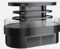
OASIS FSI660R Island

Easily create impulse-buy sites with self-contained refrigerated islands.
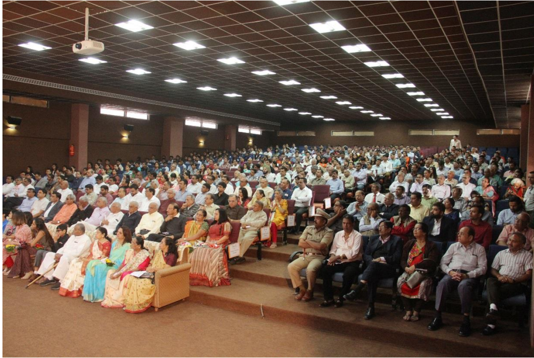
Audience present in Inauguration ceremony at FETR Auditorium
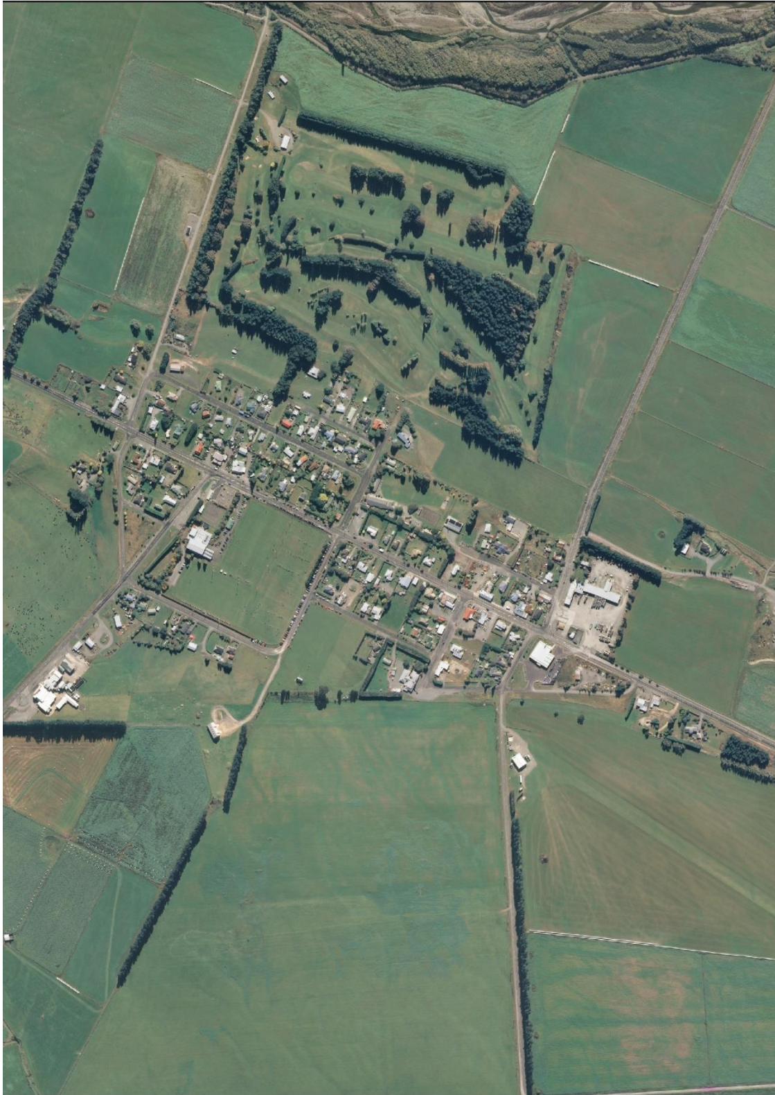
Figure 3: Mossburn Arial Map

--

*How to complete this task:* Set down word for word the lines beginning with the one containing "Audience present in" and ending with the last line of the listing, inclusive. Omit every picture.

*Reply:*
Audience present in Inauguration ceremony at FETR Auditorium
Figure 3: Mossburn Arial Map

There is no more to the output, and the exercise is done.